-- What you will do --
In the entries below, begin at the line that has "Premium Sand Filter", stop after the line that has "Die Stehlampe aus", and output those lines exactly with no pictures.

Dataset extract below:

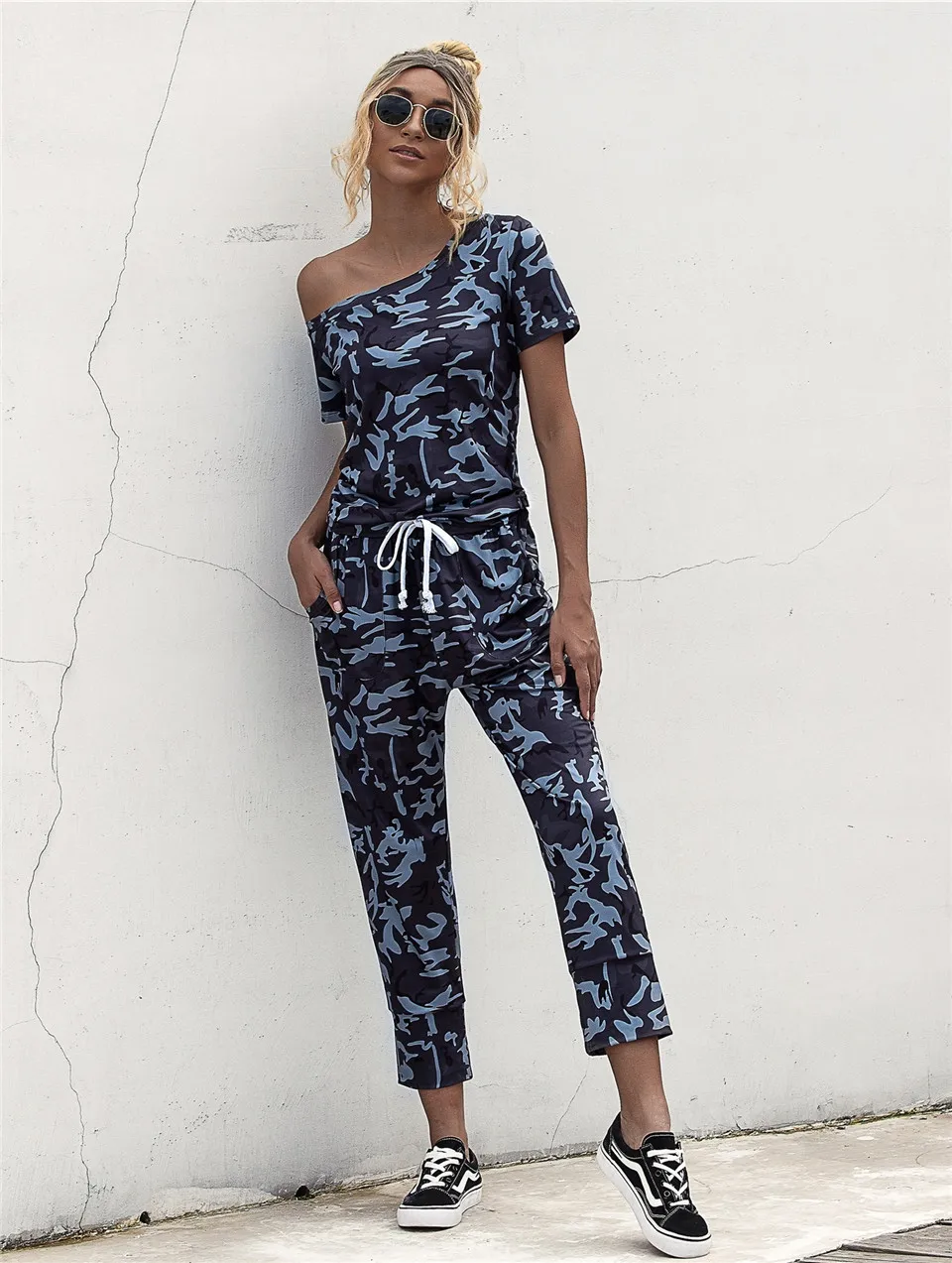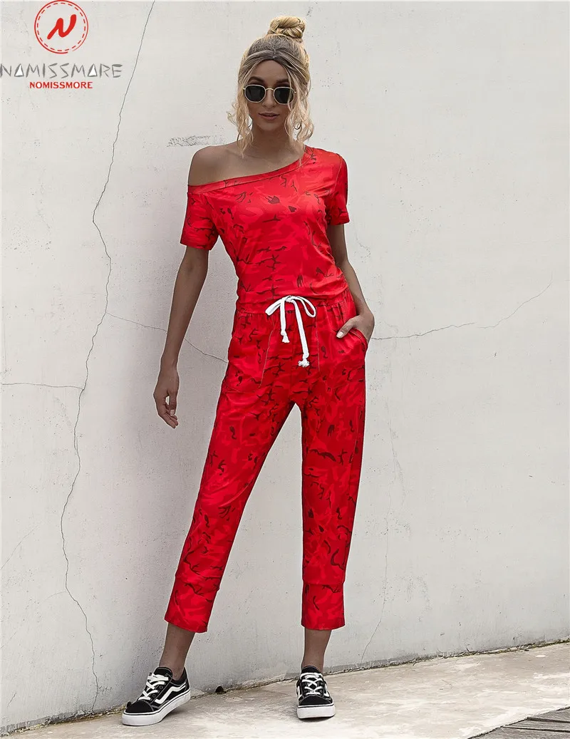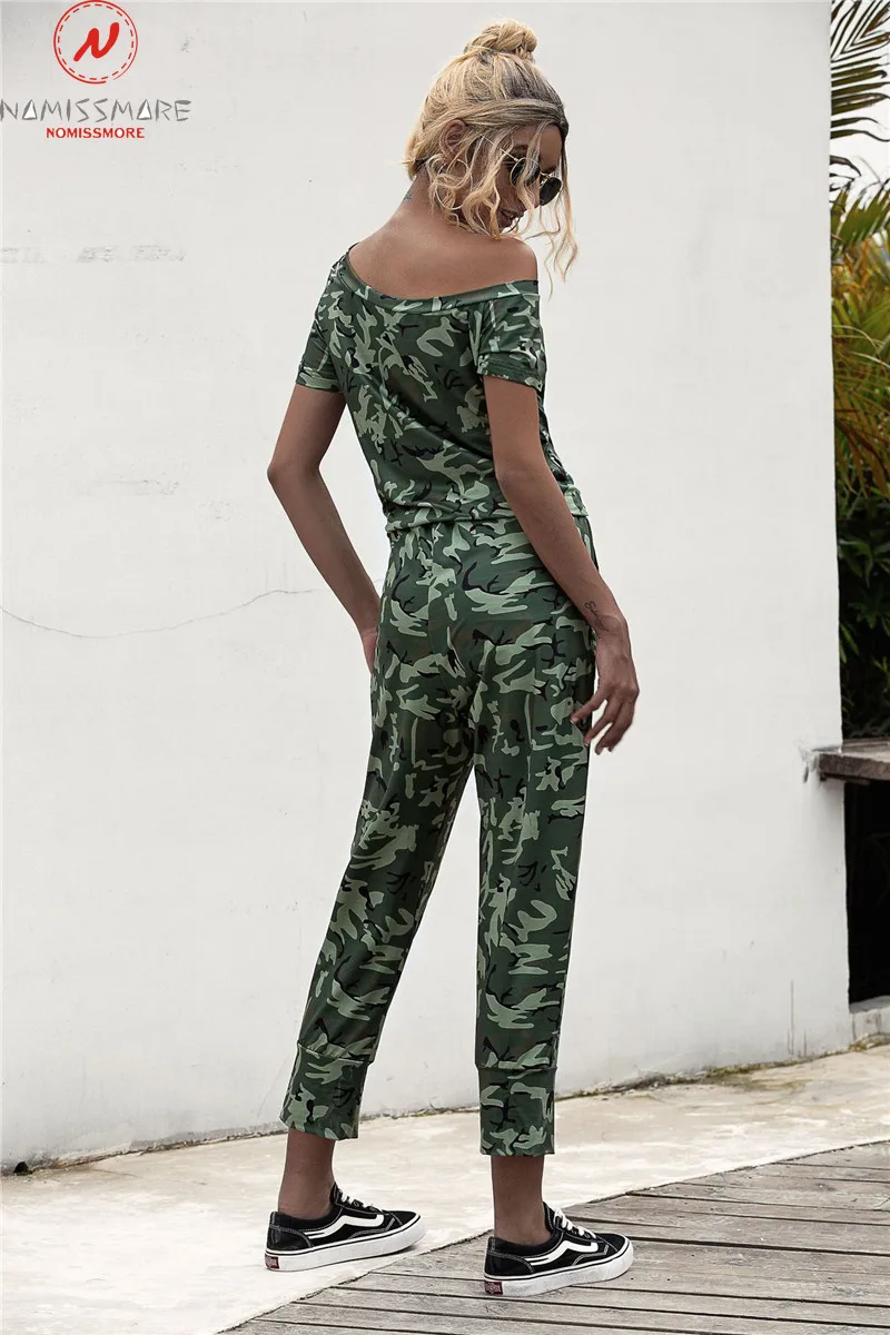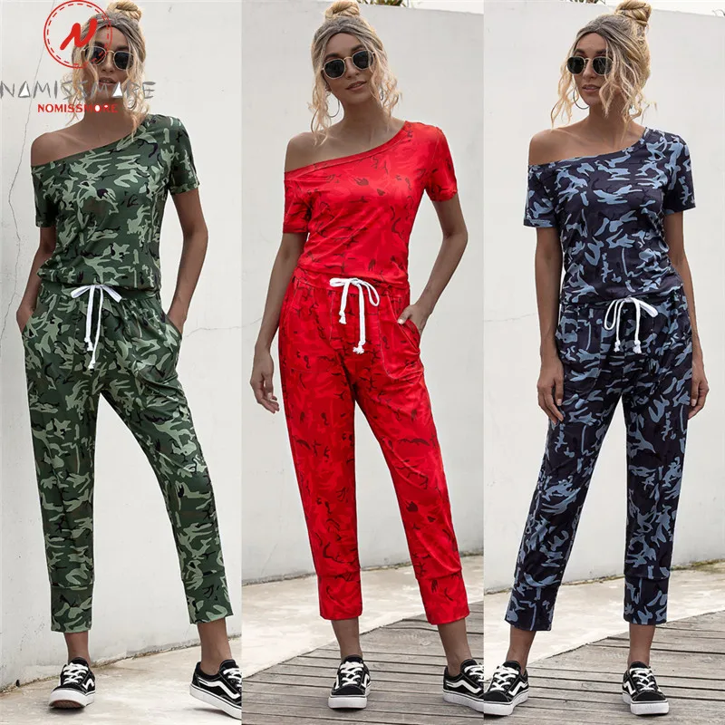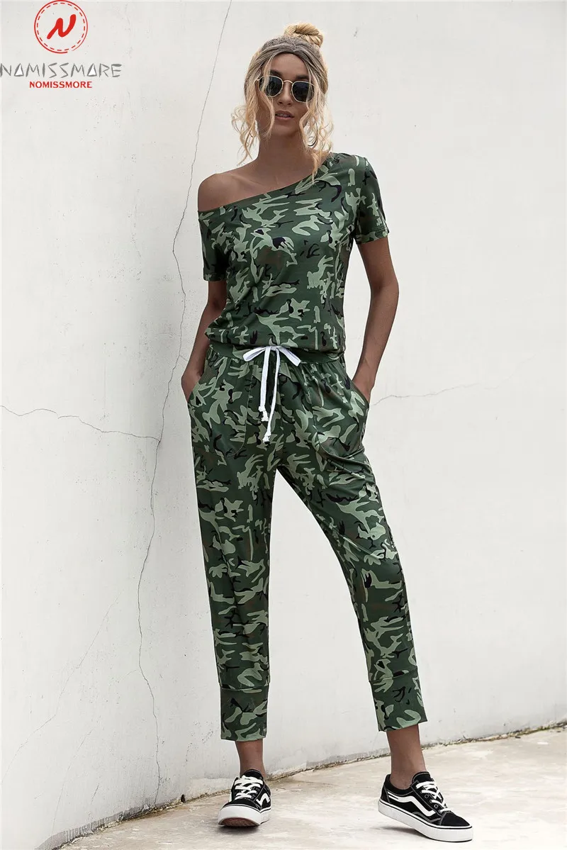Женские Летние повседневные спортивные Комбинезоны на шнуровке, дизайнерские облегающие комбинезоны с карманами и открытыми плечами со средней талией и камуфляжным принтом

End of Dataset extract.
Dataset extract below:

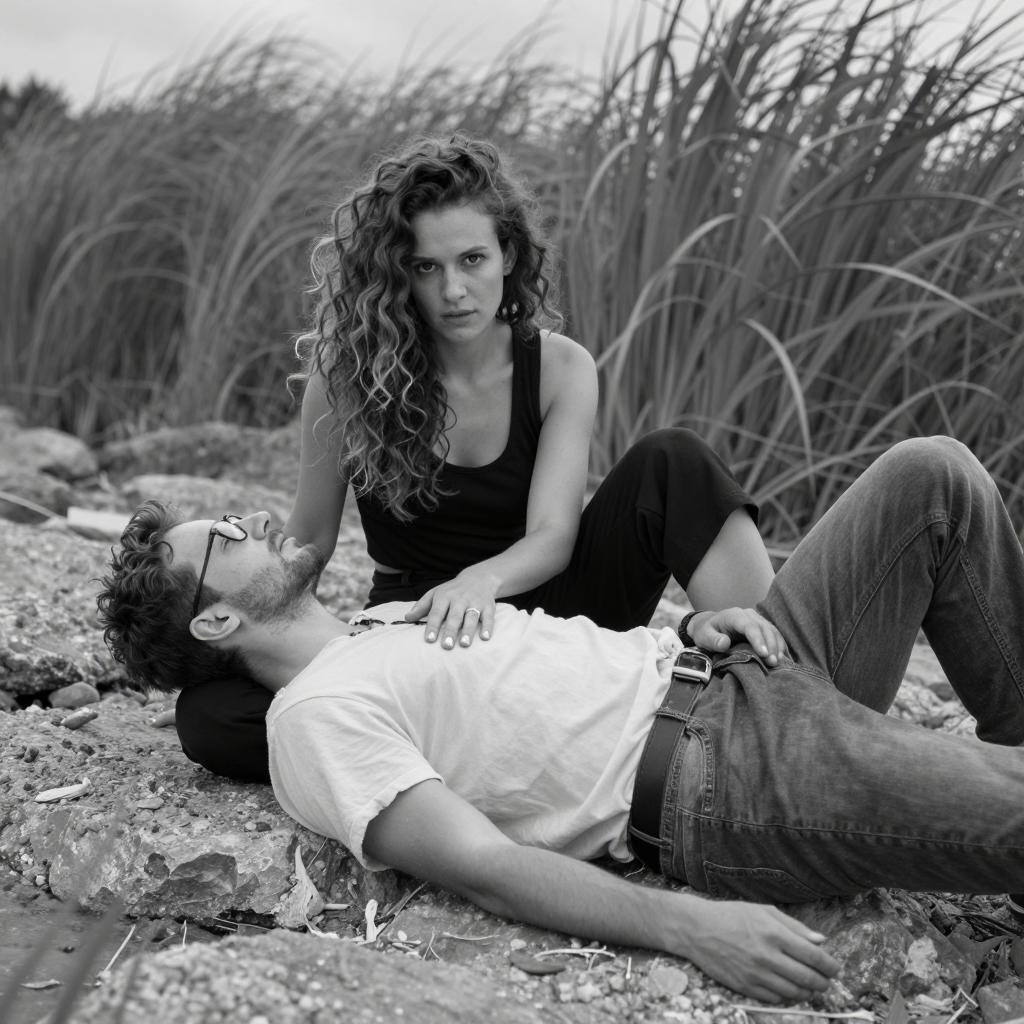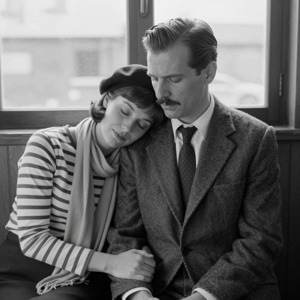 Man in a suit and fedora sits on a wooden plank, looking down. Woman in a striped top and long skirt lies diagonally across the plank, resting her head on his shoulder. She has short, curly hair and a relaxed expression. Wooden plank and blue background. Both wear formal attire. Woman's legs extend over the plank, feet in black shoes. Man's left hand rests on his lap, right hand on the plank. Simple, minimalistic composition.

End of Dataset extract.
Dataset extract below:

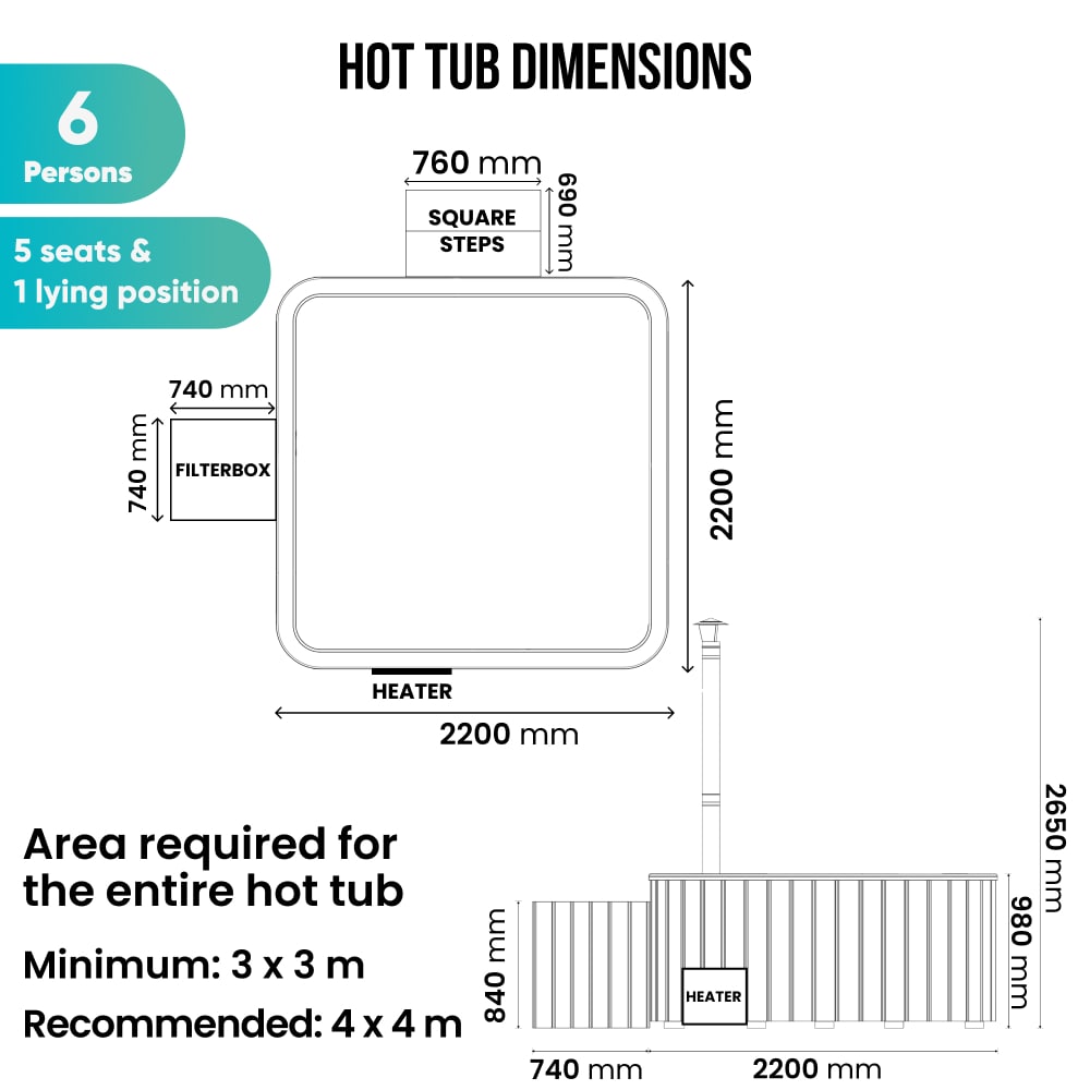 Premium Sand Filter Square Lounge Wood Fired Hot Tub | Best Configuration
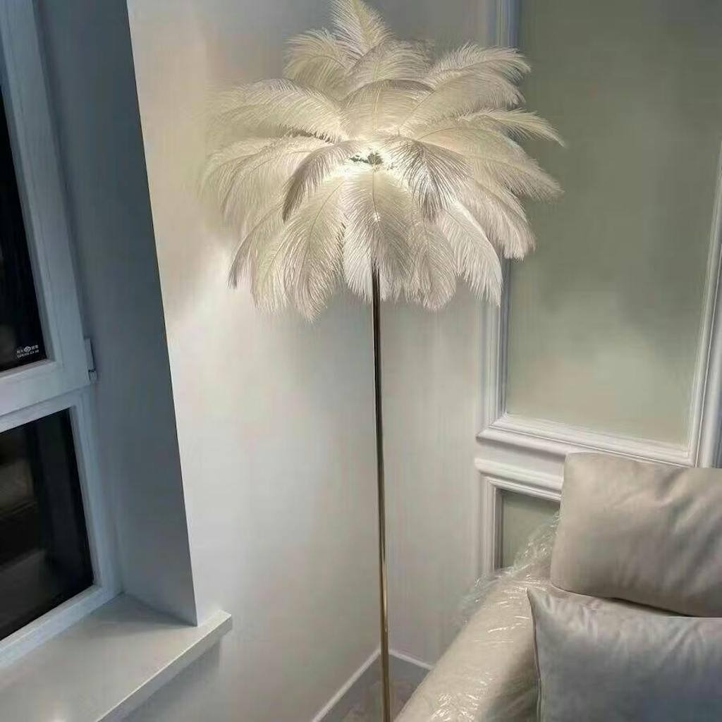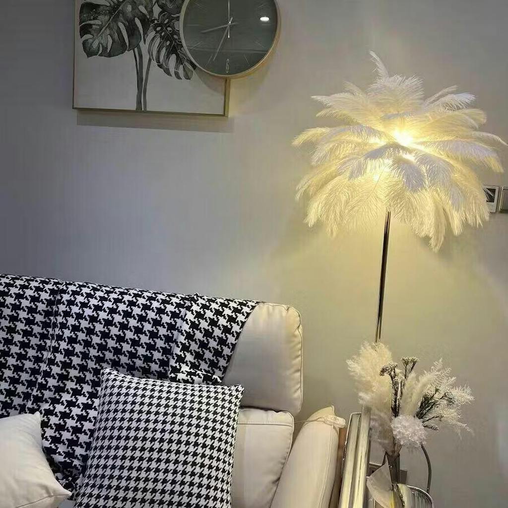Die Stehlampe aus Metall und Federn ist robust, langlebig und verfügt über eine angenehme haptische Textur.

End of Dataset extract.

-- Answer --
 Premium Sand Filter Square Lounge Wood Fired Hot Tub | Best Configuration
Die Stehlampe aus Metall und Federn ist robust, langlebig und verfügt über eine angenehme haptische Textur.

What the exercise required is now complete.